In a recent World Day of Peace message, the pontiff warned against any notions that equate human beings with other living things in the name of a “supposedly egalitarian vision.” He said such notions “open the way to a new pantheism tinged with neo-paganism, which would see the source of man’s salvation in nature alone, understood in purely naturalistic terms.”
The pope explained in the message that while many experience tranquillity and peace when coming into contact with nature, a correct relationship between man and the environment should not lead to “absolutizing nature” or “considering it more important than the human person.”
The Vatican newspaper occasionally likes to comment in its cultural pages on movies or pop culture icons, as it did recently about “The Simpsons” or U2. In one famous instance, several Vatican officials spoke out against “The Da Vinci Code.”
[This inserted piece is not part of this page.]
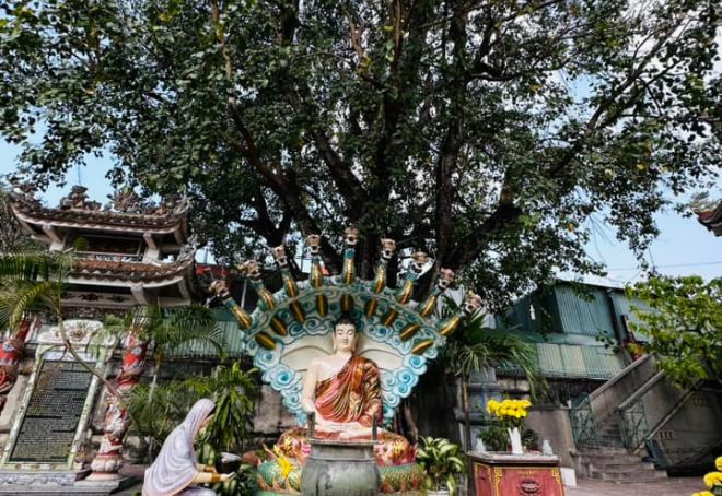 Trong đó, bức tượng Đức Địa Tạng Bồ Tát đúc bằng 61kg kim loại quý được đặt trong khuôn viên gây ấn tượng mạnh. Tượng Phật A Di Đà và tượng Phật Thích Ca ngồi thiền dưới cây bồ đề cũng khiến du khách chú ý.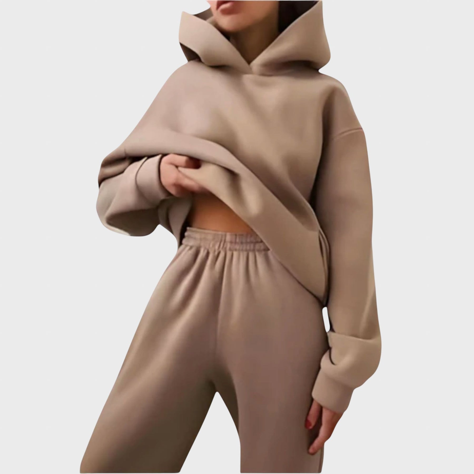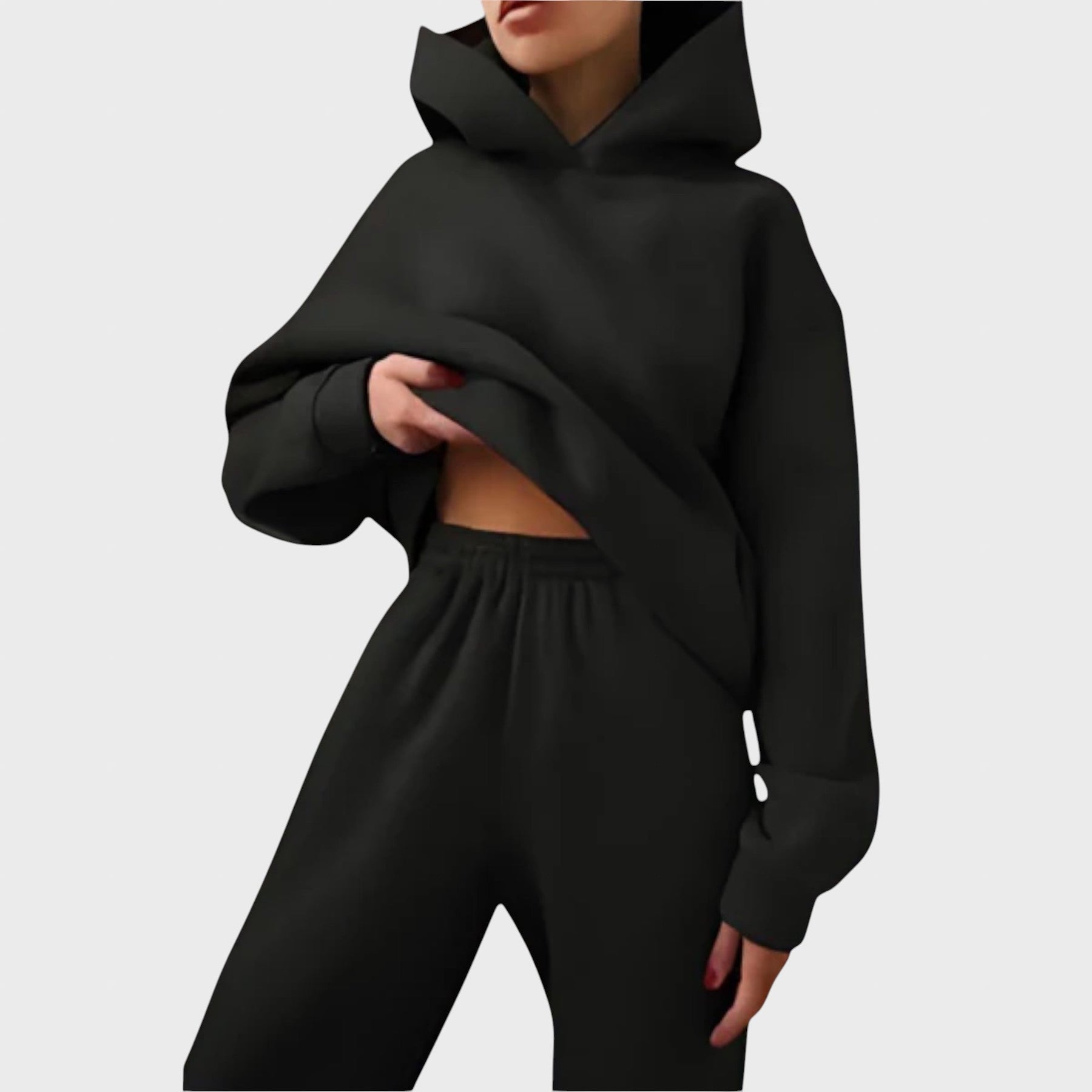 Съчетава класически, непринуден вид с предимствата на целодневния комфорт, което го прави идеален за релакс у дома или за стилно пазаруване. Обмислената кройка и меката материя осигуряват комфорт, без да жертват изискан външен вид, което го прави универсален ансамбъл за всеки ежедневен повод.

In this case, the reviews came out after a red-carpet “Avatar” preview held in Rome just a stone’s throw from St. Peter’s Square. The movie – which has made more than $1.3 billion at box offices worldwide, partly boosted by higher 3-D ticket prices – will be released Friday in Italy.
“So much stupefying, enchanting technology, but few genuine emotions,” said L’Osservatore in one of three articles devoted to “Avatar” in its Sunday editions. The plotline of aliens who live on a distant unspoiled planet and the humans who want to pillage their resources is a universal theme that can be reminiscent of past colonizations and wars, the paper said. As such, it is easy to relate to it, but also unoriginal.
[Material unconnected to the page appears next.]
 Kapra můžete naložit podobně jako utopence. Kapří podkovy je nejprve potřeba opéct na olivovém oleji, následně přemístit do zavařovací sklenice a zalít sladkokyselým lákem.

“Everything is reduced to an overly simple anti-imperialistic and anti-militaristic parable,” it said.
In America, the big numbers and media hype have been accompanied by some controversy.
Blog posts, newspaper articles, tweets and YouTube videos have criticized the film, with some calling it “a fantasy about race told from the point of view of white people” and that it reinforces “the white Messiah fable.” Cameron says the real theme is about respecting others’ differences.
An LA Times blog noted that the movie “has inflamed the passions of right-wing bloggers and pundits.”
“Cameron incensed many voices on the right by acknowledging of-the-moment messages about imperialism, greed, ecological disregard and corporate irresponsibility,” it said. Anti-smoking lobbies have denounced the cigarette-puffing character played by Sigourney Weaver.
Back at the Vatican, the reviews did praise the groundbreaking visuals of the movie.
Vatican Radio said that “really never before have such surprising images been seen,” while L’Osservatore said the movie’s worth lies in its “extraordinary visual impact.”